Today, Rep. Derrick Van Orden, (R-Wisconsin), the Chairman of the House Committee on Veterans’ Affairs Subcommittee on Economic Opportunity, delivered the following opening remarks, as prepared, at the start of the subcommittee’s oversight field hearing to discuss the issue of veteran homelessness in San Diego, California:


The Subcommittee will come to order.


Good afternoon,


First, I want to thank all of you for joining us for this field hearing of the Subcommittee on Economic Opportunity of the U.S. House Committee on Veterans’ Affairs.


My name is Derrick Van Orden, and not only is it my pleasure to serve as the Congressman for the 3rd district of Wisconsin, but it also is an honor to serve as the Chairman of this Subcommittee.


Before we begin, I want to say what a pleasure it is to be here in Oceanside at Miracosta College. You all have a wonderful campus, and we really appreciate it that we get to hold a field hearing in this room, and then students get to go to class here just a few hours later.


I also want to thank my friend, colleague and Ranking Member of the Subcommittee, Congressman Mike Levin, for hosting us today…and inviting us to his district to get better weather than we do in D.C., or at least better ocean views.

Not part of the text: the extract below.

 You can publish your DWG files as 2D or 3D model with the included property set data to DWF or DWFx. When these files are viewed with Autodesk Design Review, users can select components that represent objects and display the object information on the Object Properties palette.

I really appreciate how well we, and our staff, have worked together so far this Congress, and I hope we can continue to do so.


The people of the 49th district are lucky to have Rep. Levin as their representative.

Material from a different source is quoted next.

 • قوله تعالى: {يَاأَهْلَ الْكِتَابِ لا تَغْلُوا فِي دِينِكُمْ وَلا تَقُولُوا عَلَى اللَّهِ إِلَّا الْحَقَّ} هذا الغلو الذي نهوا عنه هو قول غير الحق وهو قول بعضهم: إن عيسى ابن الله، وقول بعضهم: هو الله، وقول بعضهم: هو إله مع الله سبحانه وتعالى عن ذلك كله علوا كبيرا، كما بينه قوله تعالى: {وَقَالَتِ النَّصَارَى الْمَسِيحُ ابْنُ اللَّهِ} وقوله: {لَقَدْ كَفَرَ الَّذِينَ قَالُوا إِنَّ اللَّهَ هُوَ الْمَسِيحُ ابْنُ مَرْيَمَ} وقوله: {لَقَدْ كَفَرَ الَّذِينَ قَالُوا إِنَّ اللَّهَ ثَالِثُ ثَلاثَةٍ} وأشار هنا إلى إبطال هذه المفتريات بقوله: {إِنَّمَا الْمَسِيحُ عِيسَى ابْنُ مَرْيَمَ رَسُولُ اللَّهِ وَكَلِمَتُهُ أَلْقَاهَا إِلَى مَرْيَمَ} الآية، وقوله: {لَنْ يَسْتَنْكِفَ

Today we are here to discuss ending veteran homelessness both in the greater San Diego area, and across the country.


This topic is one of the reasons I ran for Congress, and the issues we discuss today, and have discussed over the last few months, are essential to repaying our debt to those who served.


Permanent housing is an essential component to a stable life after a veteran transitions out of active duty. Without a home, it is much harder to maintain a stable job, continue to acclimate to civilian life, and maintain mental health.


This Subcommittee in the past has done an amazing job improving programs for veterans, but we still have work to do.


Improving the HUD-VASH voucher program, finding a new Grant and Per-Diem rate, retaining V.A. employees that serve homeless veterans, and getting VA to actually hire more employees with the funds Congress has given them, are all areas that we must continue to work on.


However, it is also important that both Congress and the Department of Veterans Affairs administer and evaluate these programs in a way that ensures veterans are housed in a way that is fiscally responsible.


We must find ways to fund these essential programs without putting a huge financial burden on the backs of taxpayers now, or in the future.


We also need to ensure that the programs we have already paid for are being run how Congress intended. If we continue to pass programs without ever doing thorough oversight on the previous ones, I am afraid that we will see fraud in V.A., and our veterans will be hurt.


I am hopeful that we will hear from both V.A., local government, and community providers about the impact of programs this Subcommittee has already enacted, and find new ways to improve the lives of America’s veterans.


We still have a lot of work to do in this area, so I am looking forward to hearing more about how V.A. will function in a post COVID-19 world.


I look forward to hearing from our witnesses about what they believe works, what they believe does not work, and how Congress can empower them to ensure that no veteran goes unhoused across our country.


I now yield to the Ranking Member for his opening remarks.